Aids is an infectious disease of the immune system caused by a human


Immunodeficiency Virus (HIV). It is transmitted through bodily secretions and blood. In December of 2012, the National Agency for the Control of AIDS (NACA) estimated that no fewer than 3.6 million Nigerians are currently living with HIV/Aids and that 2.5 million children have been orphaned by HIV/Aids. This makes Nigeria the country with the greatest number of such children worldwide.

Child Labor/Trafficking An estimated 15 million Nigerian children work of this big number. 6 million are not in school and 2 million are exposed to work very long hours under hazardous conditions and sometimes without pay. Because of Poverty and a cultural acceptance and even expectation that children work as domestic workers. Children work as domestic workers, street hawkers, vendors, beggars, scavengers, as well as on plantations and in the mining and quarrying sector. Child Labor interferes with their education and endangers their health. Increasing poverty is pushing millions of children into dangerous exploitative work, including sex trafficking.

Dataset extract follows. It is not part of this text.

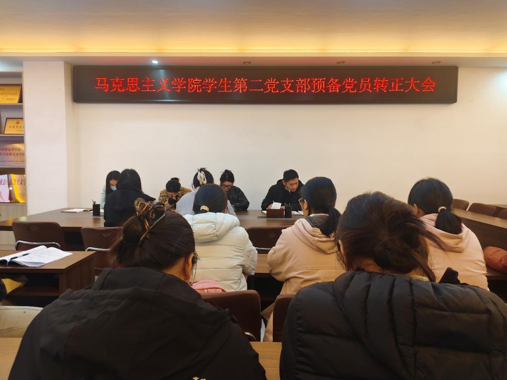 2025年12月5日上午,马克思主义学院学生第二党支部在社科楼323教室组织召开了2025年下半年预备党员转正支部大会。我院学生第二党支部书记任婷、学生第二党支部全体正式党员、预备党员和党员发展对象共同参加本次会议。会议由任婷同志主持。

Children as young as 4 or 5 years old are sometimes taken into families as domestic helpers because their parents are too poor or in debt. These children are vulnerable to sexual/ physical abuse and exploitation. When ill treated they are likely to run away and end up in the streets.
10 children daily are sold and bought for purposed of prostitution. These children are usually physically, mentally, emotionally, and sexually abused; plain torture. There is a large number of young girls who will give birth and then sell their children. This sort of trafficking is on the rise in Nigeria as well as Africa as a whole.